On 30 September 1465, the 27-year-old Rao Bika, leading 100 horsemen and 500 foot-soldiers, left Jodhpur to conquer Jangladesh. He was accompanied by his uncle Rawat Kandhal (who had sworn to establish his nephew just like he did Rao Jodha in Marwar) and his uncles Rupo, Mandan, Mandalo and Nathu; his brothers Bida, Jogayat; his dhai brother chahad gahlot along with gora bherav ji of mandore and others. Jangladesh was then inhabited by the Bhatis, Jats, Bhattis and Johiyas. Bika led an army of around 300 of his clansmen to conquer the Jangladesh area. Bika also had the support of Karni Mata, Charans and Godara Jats.

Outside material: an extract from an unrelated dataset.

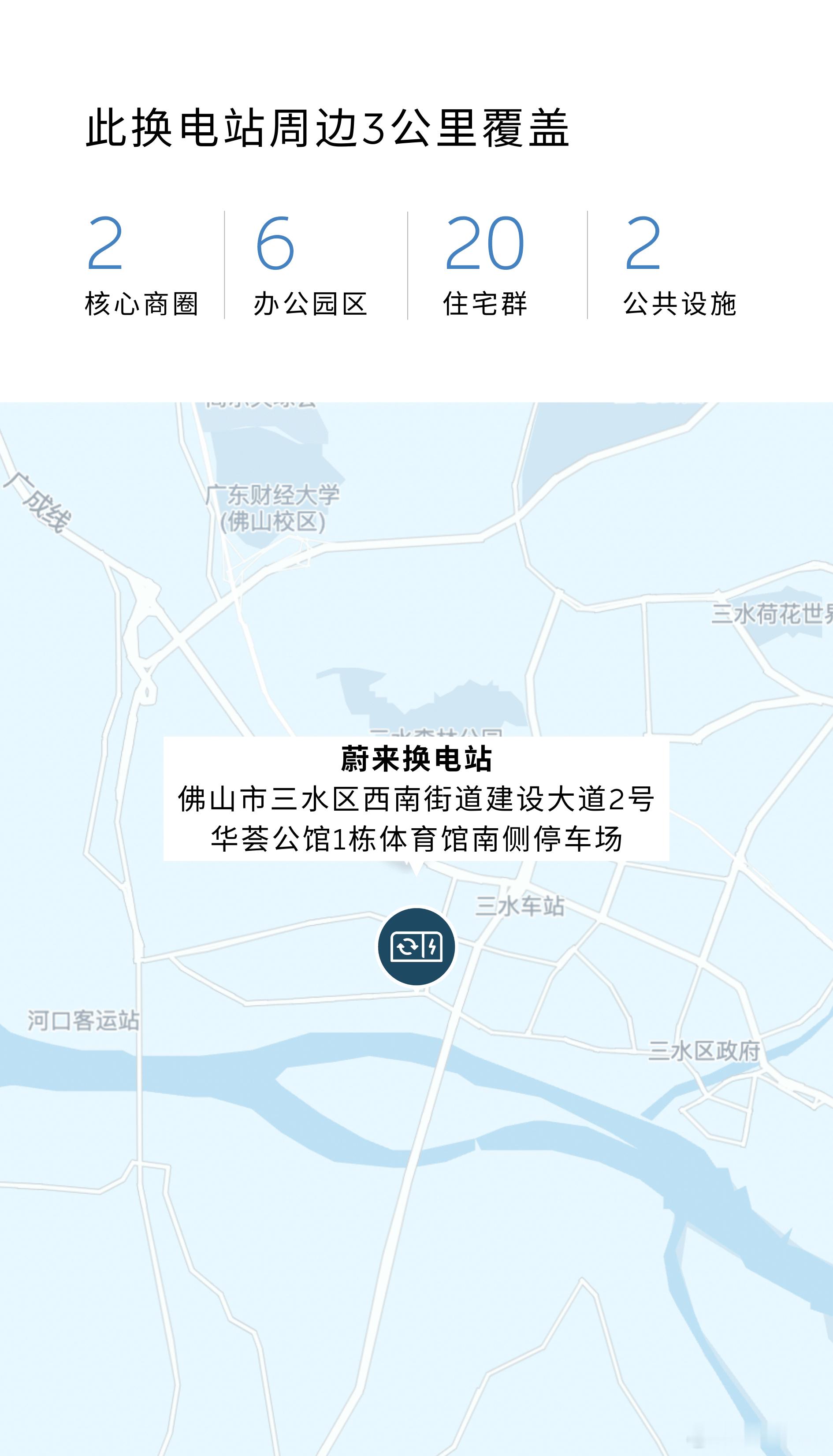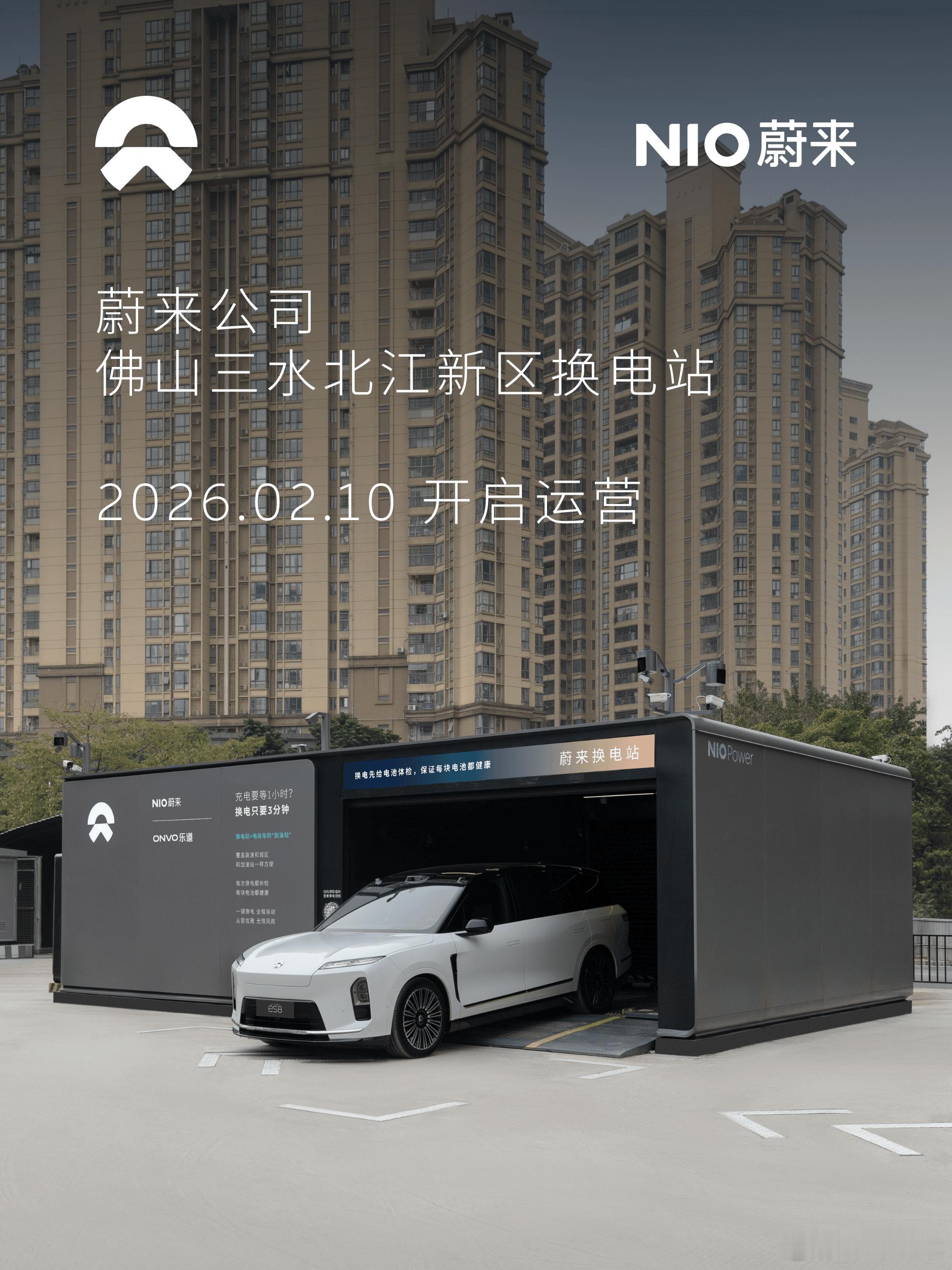 蔚来换电站 | 佛山三水北江新区 上线周边3公里覆盖2大核心商圈、6大办公园区、20大住宅群、2大公共文化设施截至2月11日,蔚来已在广东省布局460座换电站

Rao Bika founded Bikaner state and conquered the areas of Sirsa, Ladnu, Bhatner, Bhatinda, Singhana, Rini, Nohar and Pugal. During his reign, he controlled an area of 40,000 square miles, which included 3,000 villages.

After Rao Bika's death, his elder son Rao Nara became the new ruler of Bikaner, however he died within a year of his reign. Nara was succeeded by his younger brother Rao Lunkaran in 1505.